From 2011.1 (post-patch) to 2013.1, the new engine could be enabled globally via the undoc configurable setting dm.integ.engine=3, with the default setting of engine=2 continuing to use the old v2 engine from 2006.1.  When v3 became the default in 2013.2, we decided that we'd leave the old v2 engine available as a deprecated/undoc option for a while before completely removing it, although of course all of the old v2 bugs are still present if that option is in use.

That brings us to the reason for this blog post.  Over the past couple of months it's come to our attention that there are customers who are, for one reason or another, still using the long-obsolete v2 engine, while also waiting on those decade-old bugs to be fixed.  This has given rise to two requests:

1.     Come up with a definite plan for removing the v2 engine entirely so that customers won't continue to have the impression that it's under development.

2.     Publish a blog article explaining why we're doing this and what it means.

 

For the vast majority of our customers, this blog article has no relevance beyond historical interest, since unless you have specifically set the undoc dm.integ.engine configurable, every server from 2013.2 onward has been using the current ("v3") engine with the full benefit of all the latest functionality and fixes.  While we're not positive, we suspect that there may also be customers who are currently using dm.integ.engine=2 without a clear understanding of what exactly that means, and if so, hopefully this article has helped to clear it up to some extent and will encourage them to unset that option.

As for the plan for removing the v2 engine, our current target is the 2017.2 release, to allow some transition time for customers who need it.  The main thing that has been brought to our attention as possibly requiring transitioning is any script that might be written to parse individual messages in the output of "p4 resolve" -- part of fixing the deficiencies in the old integrate/resolve process included adding new functionality to the resolve command, which necessarily included new output and new flags.

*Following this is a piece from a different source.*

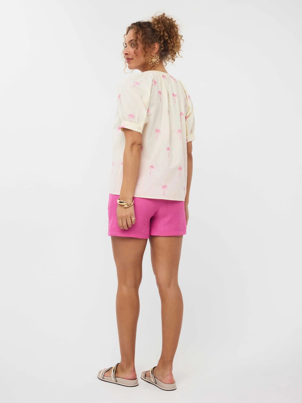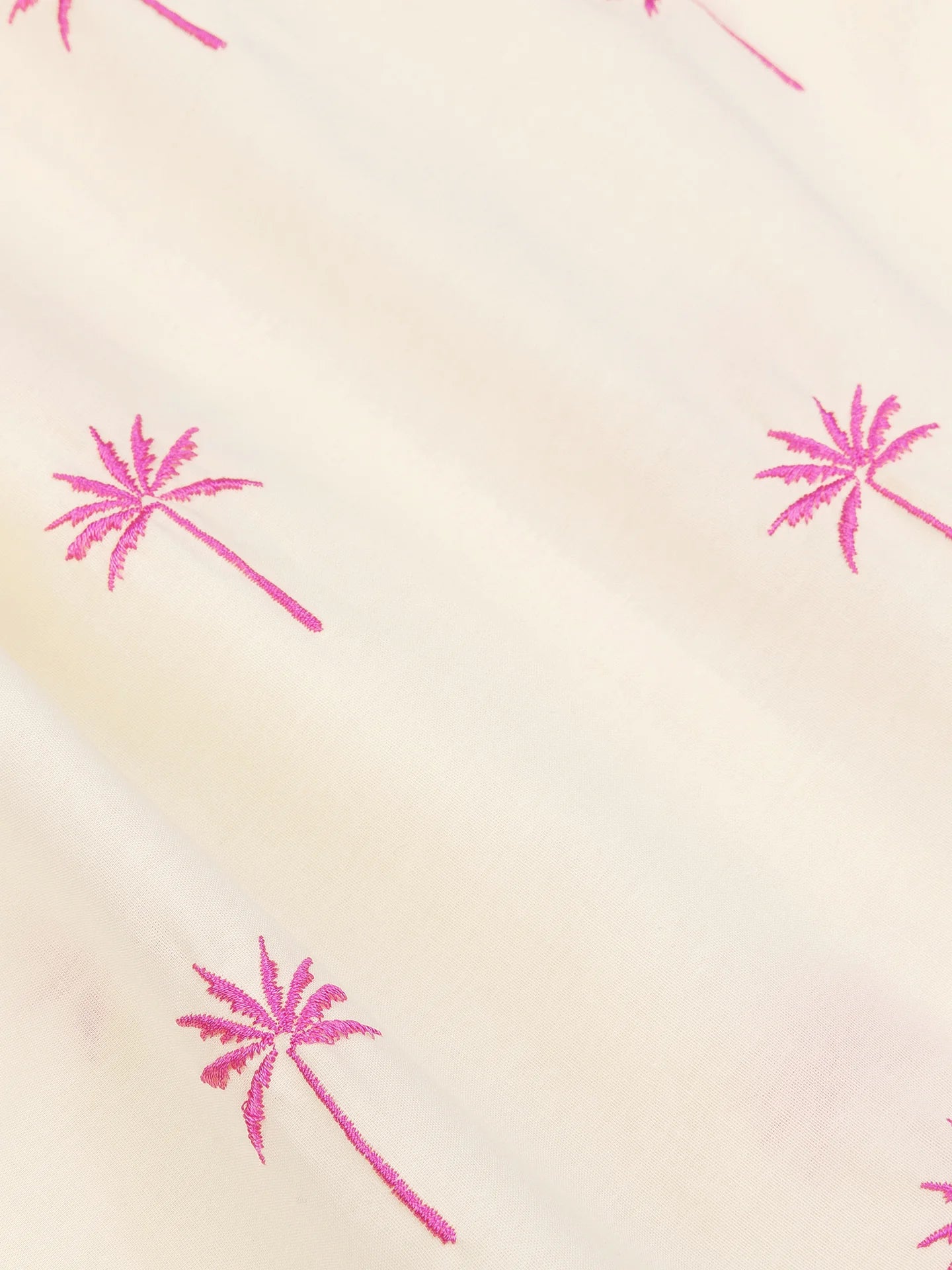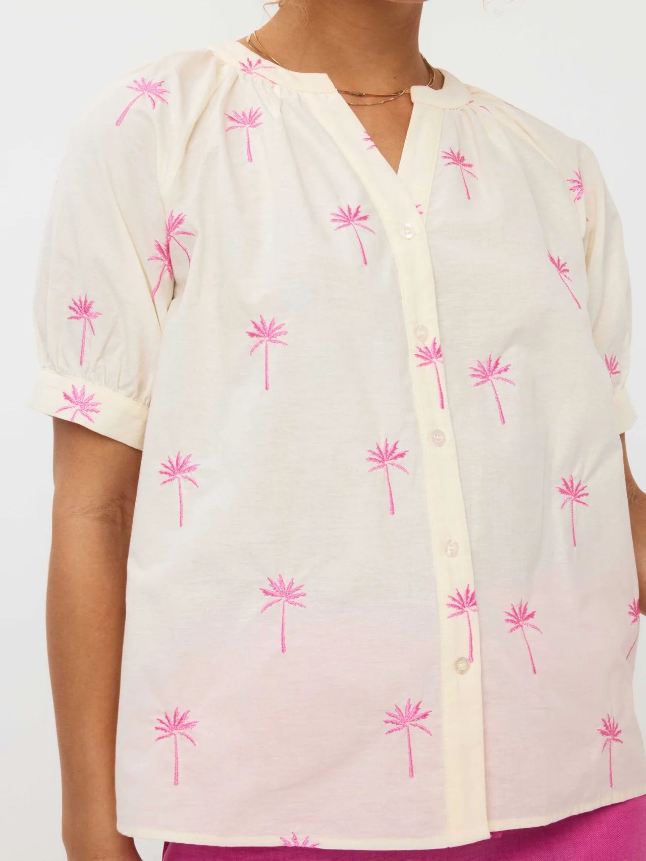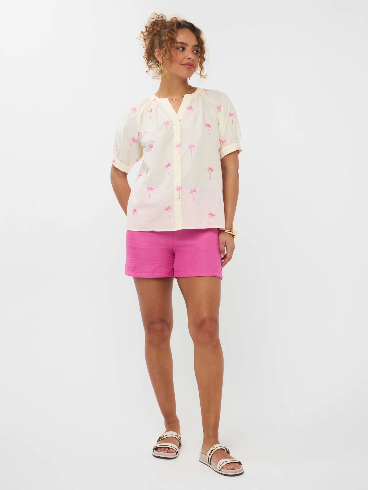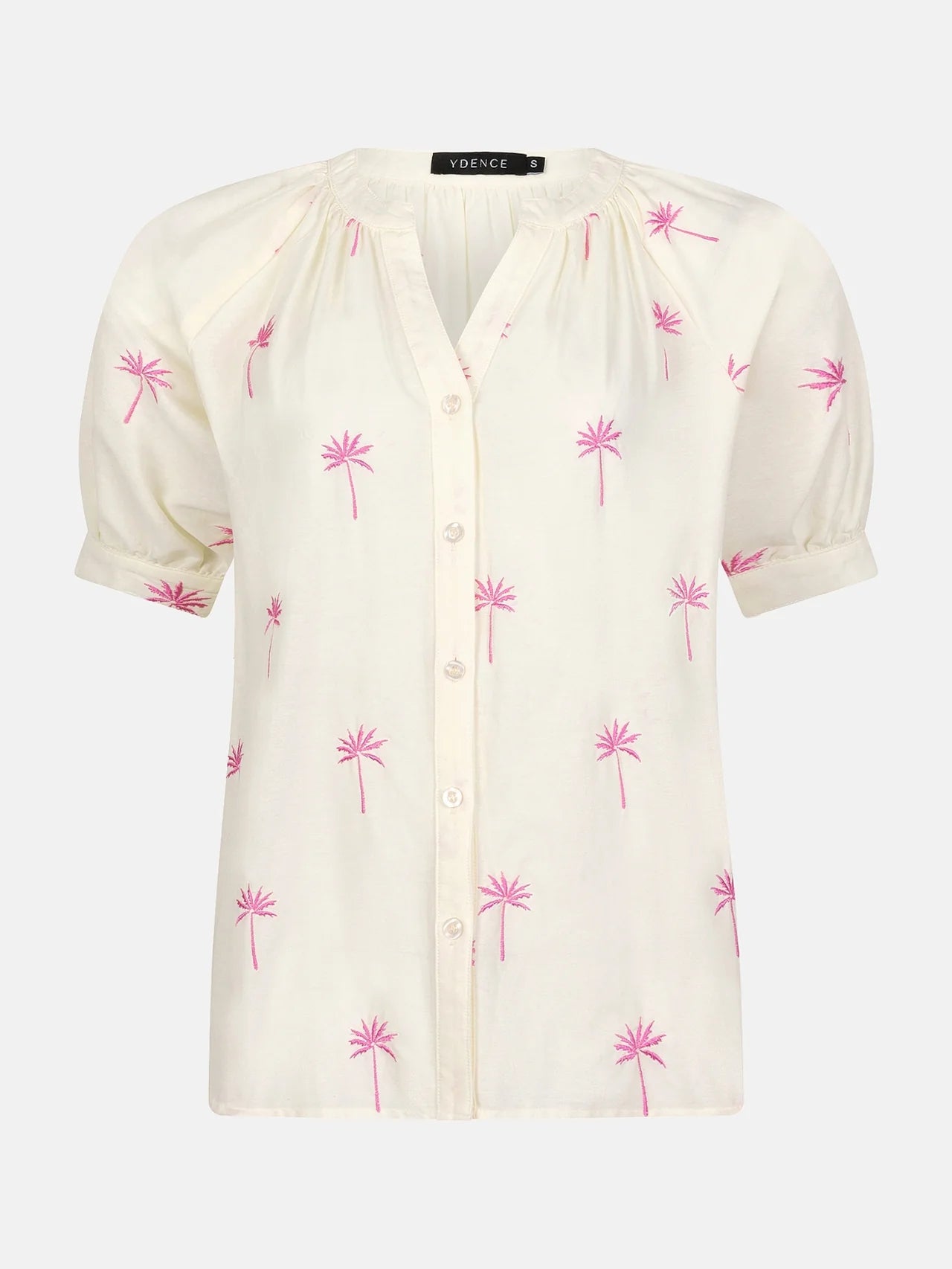 Blouse Lian is een leuke katoenen blouse met korte pofmouwen en geborduurde palmbomen op de stof. De blouse heeft een rechte pasvorm en sluit met een knoopsluiting aan de voorzijde. De totale lengte van blouse Lian is 61 cm in maat S

As with almost any time we add new output, tools written with old versions of the API continue to receive the old output (preserving "bug-for-bug compatibility").  The command line client always receives the newest output by default where possible, but the -Zapi=N flag can be used to lock it to a particular version as if you were using an old API build, and this is something that we always recommend as standard practice to users who are writing scripts that might be sensitive to output changes.  For the particular case of new resolve types, -Zapi=69 (or lower) will do the trick, as well as restricting all other version-dependent messages to the 2011 timeframe.

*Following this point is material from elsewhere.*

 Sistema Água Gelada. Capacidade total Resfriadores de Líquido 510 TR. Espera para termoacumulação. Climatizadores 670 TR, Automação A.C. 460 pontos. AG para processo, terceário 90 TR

There is also an (undoc) flag on "p4 integrate" that has the same effect without setting the API level, the "-Ro" flag.  As of 2016.1 there is a third option, which lets the -Ro flag effectively be set globally on all integrate commands: dm.integ.tweaks=16.  Note that as with using the other options that force the legacy resolve behavior, this will disable a large amount of merge functionality, although the new base selection logic will continue to function normally.

As an intermediate step, in 2017.1 we plan to automatically transition sites with dm.integ.engine=2 to the new dm.integ.tweaks=16 setting, on the theory that this will preserve the old-style resolve output that those sites may be dependent on.  If you are one of those sites, I'd first encourage you to try to update your tools to handle the new output, or to specifically disable it for those tools only, but failing that, try the dm.integ.tweaks=16 backward compatibility mode now (this is why we've made it available a year early) before upgrades start forcing the issue for you; if you encounter any problems with that mode, we'll have that much more time to address them.

I hope this trip down memory lane has been as entertaining for everyone to read as it was for me to write.  In the near future I plan to start writing a series of articles discussing the current integration engine in some detail.  Keep watching this space!